• _Work to complete_
For this exercise, the lines from the one with "Rushgleam Foxtrot Delta" through the final line of the data below are to be transcribed exactly, and pictures are to be skipped.

• _Input data_
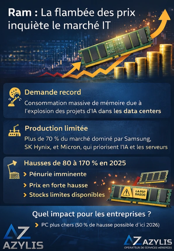 Depuis 2025, le marché des composants informatiques vit une période de turbulence sans précédent. Après les fortes hausses observées sur les cartes graphiques, ce sont désormais les barrettes de mémoire vive (RAM) qui connaissent une augmentation spectaculaire, avec des répercussions sur l’ensemble de la chaîne IT. Cette crise est loin d’être anecdotique : elle redéfinit les stratégies d’achat pour les entreprises, les intégrateurs et les utilisateurs professionnels.
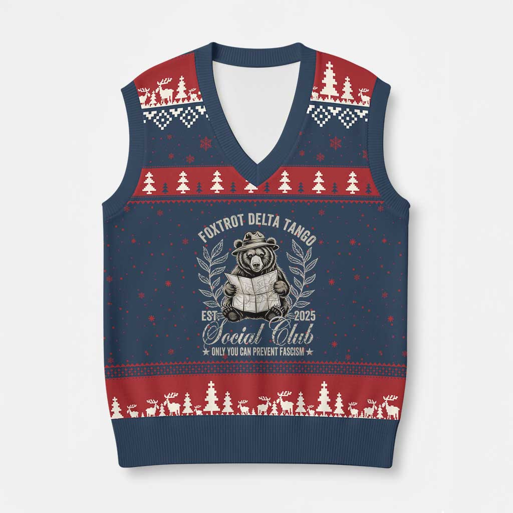 Rushgleam Foxtrot Delta Tango Ugly Christmas V-Neck Knit Sweater Vest Only You Retro Bear Gift For Men
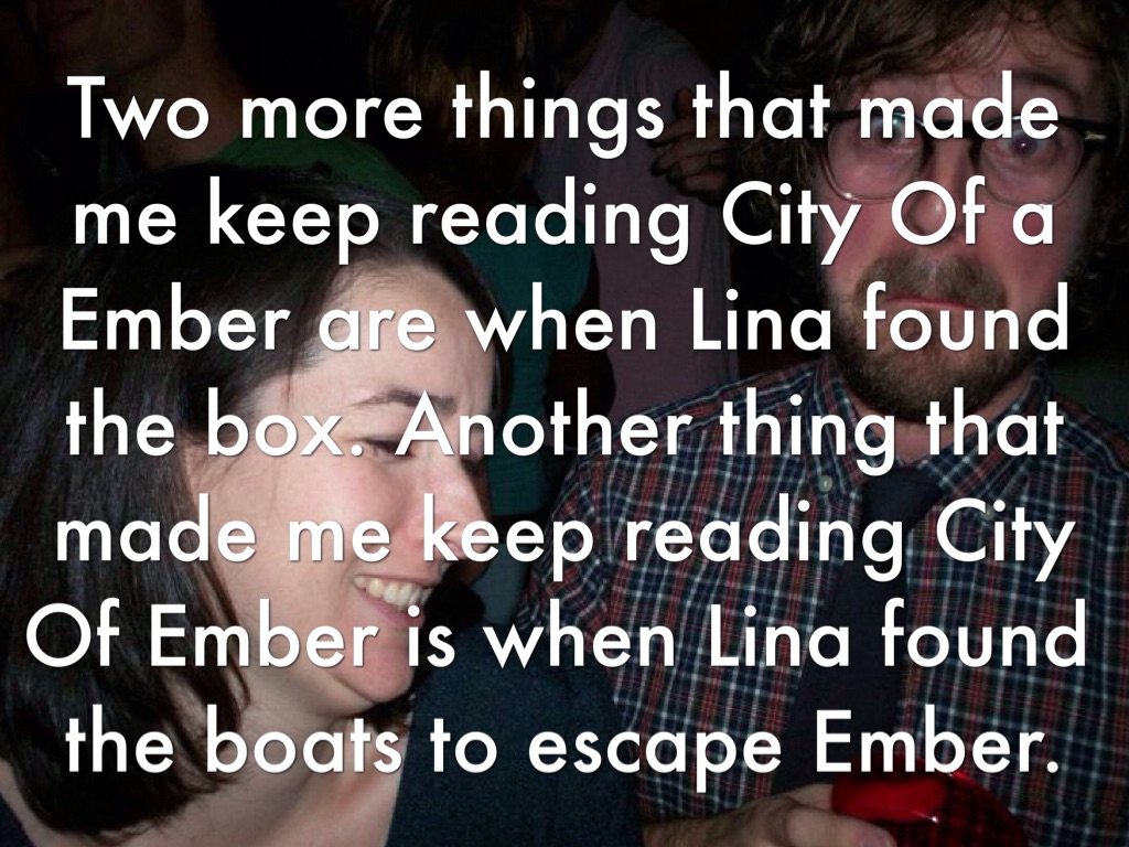 Two more things that made me keep reading City Of a Ember are when Lina found the box. Another thing that made me keep reading City Of Ember is when Lina found the boats to escape Ember.
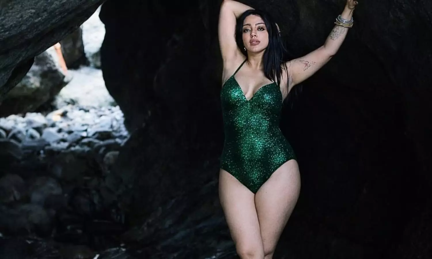 ఈ మధ్యకాలంలో ఎక్కువగా సినిమా సెలబ్రిటీలు తమ ఉనికిని చాటుకోవడానికి సోషల్ మీడియాను అతిపెద్ద ప్లాట్ఫారం గా చేసుకుంటున్నారు. సినిమాలలో అవకాశాలు వచ్చిన రాకపోయినా ఇటు సోషల్ మీడియాలో మాత్రం నిత్యం యాక్టివ్ గా ఉంటూ ఫాలోవర్స్ ను పెంచుకుంటున్నారు. అందులో భాగంగానే ఎంతోమంది గ్లామర్ ప్రదర్శిస్తూ అభిమానులలో విపరీతమైన క్రేజ్ సొంతం చేసుకుంటున్నారని చెప్పాలి . ఈ క్రమంలోనే తన అందంతో, అభినయంతో ఎప్పటికప్పుడు ట్రెండీ ఔట్ఫిట్స్ తో వార్తల్లో నిలిచే దేవియాని శర్మ ఇప్పుడు తాజాగా స్విమ్ సూట్ తలపించేలా గ్రీన్ కలర్ డ్రెస్ లో కనిపించి తన అందాలతో మెస్మరైజ్ చేసింది.

• _Result for this exercise_
 Rushgleam Foxtrot Delta Tango Ugly Christmas V-Neck Knit Sweater Vest Only You Retro Bear Gift For Men
 Two more things that made me keep reading City Of a Ember are when Lina found the box. Another thing that made me keep reading City Of Ember is when Lina found the boats to escape Ember.
 ఈ మధ్యకాలంలో ఎక్కువగా సినిమా సెలబ్రిటీలు తమ ఉనికిని చాటుకోవడానికి సోషల్ మీడియాను అతిపెద్ద ప్లాట్ఫారం గా చేసుకుంటున్నారు. సినిమాలలో అవకాశాలు వచ్చిన రాకపోయినా ఇటు సోషల్ మీడియాలో మాత్రం నిత్యం యాక్టివ్ గా ఉంటూ ఫాలోవర్స్ ను పెంచుకుంటున్నారు. అందులో భాగంగానే ఎంతోమంది గ్లామర్ ప్రదర్శిస్తూ అభిమానులలో విపరీతమైన క్రేజ్ సొంతం చేసుకుంటున్నారని చెప్పాలి . ఈ క్రమంలోనే తన అందంతో, అభినయంతో ఎప్పటికప్పుడు ట్రెండీ ఔట్ఫిట్స్ తో వార్తల్లో నిలిచే దేవియాని శర్మ ఇప్పుడు తాజాగా స్విమ్ సూట్ తలపించేలా గ్రీన్ కలర్ డ్రెస్ లో కనిపించి తన అందాలతో మెస్మరైజ్ చేసింది.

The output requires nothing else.